Görüntülerdeki kediler, gerçekten de fosforlu yeşil Faber Castell gibi parlıyordu. İnsanlar bunu sadece şekil için yapmış olabilir miydi gerçekten de?
Onların genleriyle oynayarak dünyaya getirdikleri cins hayvanları düşününce pek de imkânsız görünmüyor ancak floresanlı kedilerin olayı, kırk yıl düşünseniz aklına gelmeyecek bir sebepten kaynaklı!
Kedilerde görülebilen FIV virüsü, sadece onlara özgüdür. Bağışıklık sistemini tehdit olarak görüp saldırı yoluyla zayıflattığı için HIV’e çok benzerdir. Bu nedenle “kedi AIDS’i” de denir.
Kedilerin sadece %2,5 ila %4,4’üne bulaşabildiği için bir FIP virüsü kadar yaygın değil. Genellikle kendi bölgelerini savunan erkekler tarafından bulaşır. “İyi de tüm bunların fosforlu kedilerle ne ilgisi var?” diye düşünüyor olabilirsiniz. Hemen bağlıyoruz.
GFP adlı, yeşil floresan proteini de denen gen, AIDS’e direnç sağlayabilen bir proteini üretme yeteneğine sahip. Denizanalarında bulunan GFP, ışıkta bakıldığında floresan gibi parlayarak mikroskop altında bu hücreleri tespit etmeyi kolaylaştırıyor.
Kedilerde, primatların aksine, FIV hastalığına karşı antiviral görevindeki TRIM5? geni bulunmuyor. Bu yüzden virüsle mücadele için kaynağı rhesus makağı (Hint şebeği) adlı bir maymun türünden gen ekleniyor.
Japonya ve ABD’den ekipler tarafından yürütülen araştırmada da GFP geni, kedilerin yumurtalarına eklenerek yeni doğacak yavruların bu genle dünyaya gelmesi amaçlandı.
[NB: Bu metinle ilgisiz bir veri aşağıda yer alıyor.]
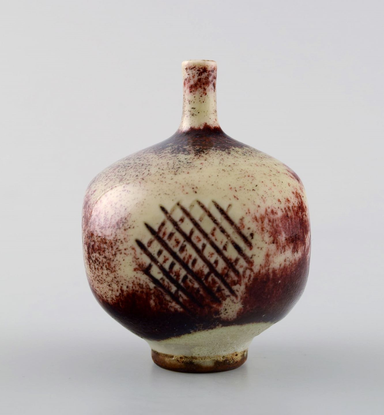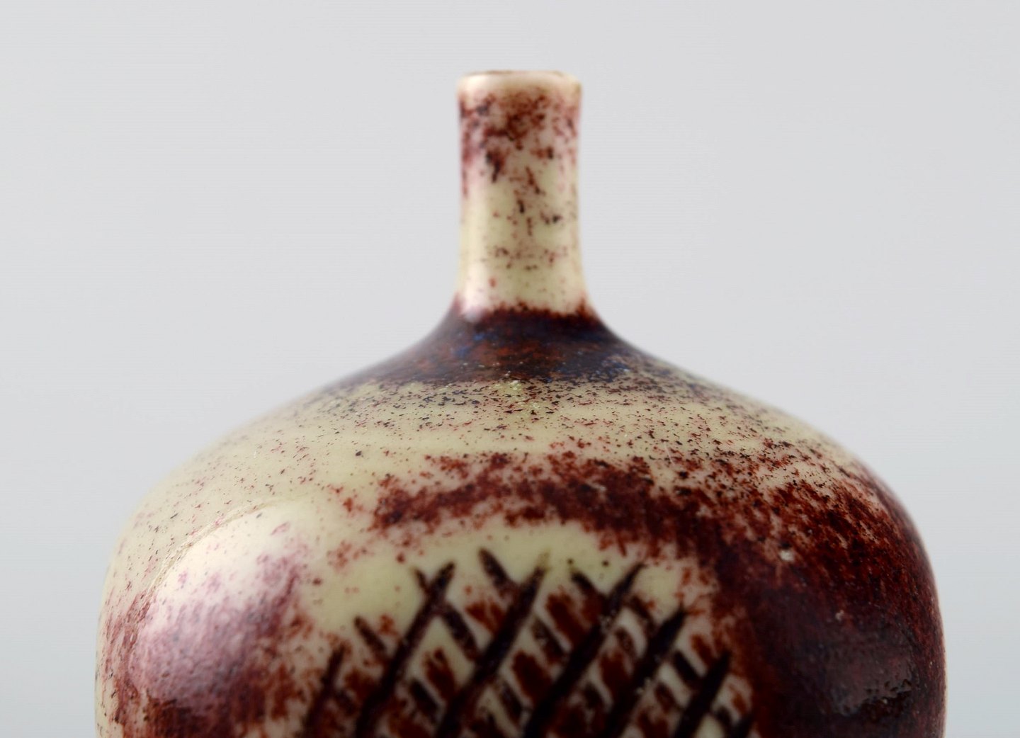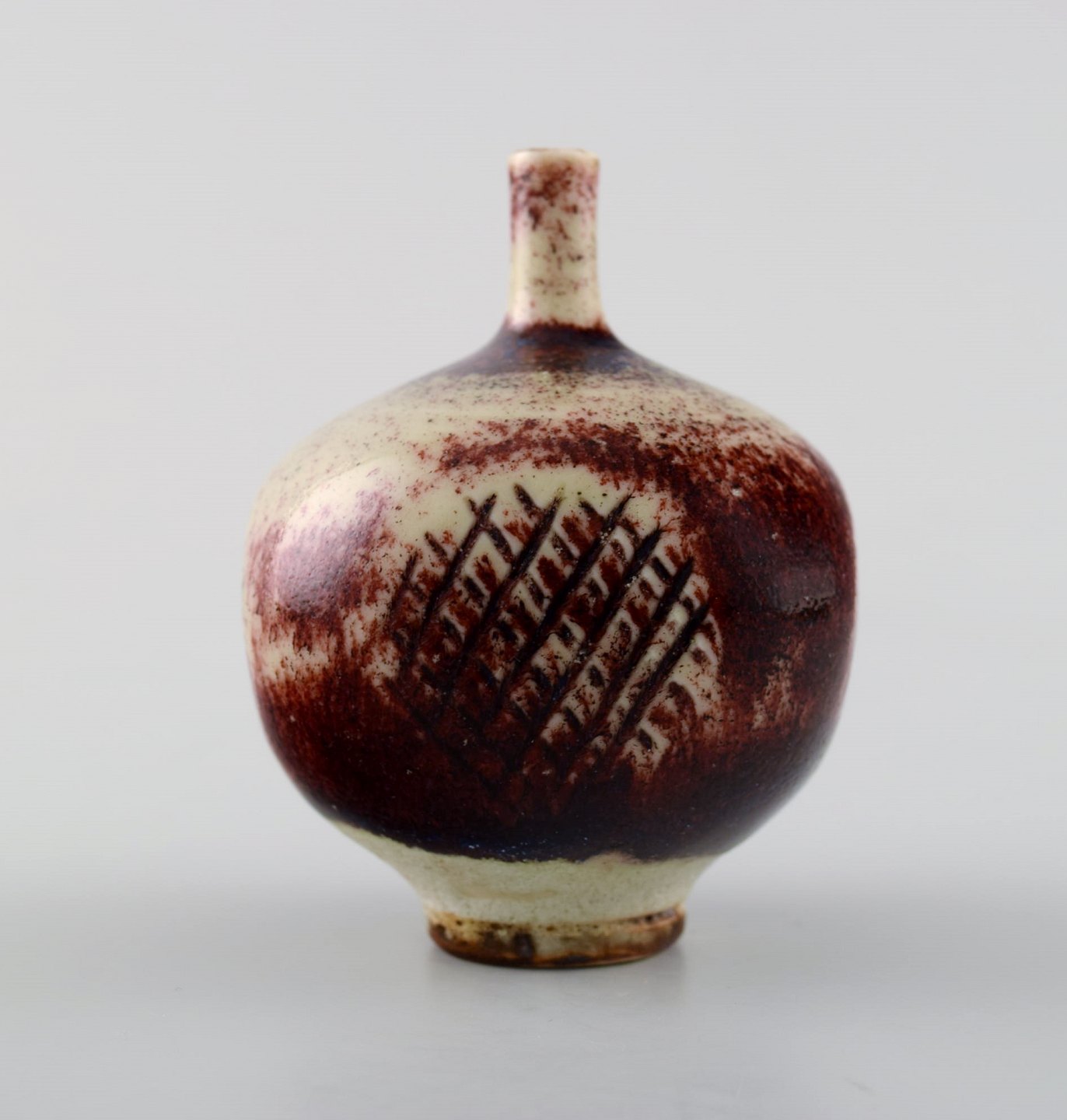 Berndt Friberg Studio ceramic vase. Modern Swedish design. Unique, handmade. Rare form. Beatiful glaze. Perfect condition. 1st. assortment. Measures: 7.5 cm. x 5 cm. Signed.

Sonuçlar gerçekten umut vericiydi. Genin aktarıldığı hamile kedilerden dünyaya gelen yavruların bir kısmı, virüse sahip olmadan yaşama tutunabilmişti ve vücutlarının her yerinde hastalığa karşı direnç gösteren protein üretilmişti.
Kısacası kediler, aktarılan GFP geni sayesinde ışıl ışıl parlıyordu. İnsanlardaki AIDS ile aynı mantıkla çalışan FIV konusundaki bu çalışmaların başarı sağlaması, insanları virüsten korumak için için yürütülmekte olan çalışmalar için de yol kat edilebileceği ihtimalini artırıyor.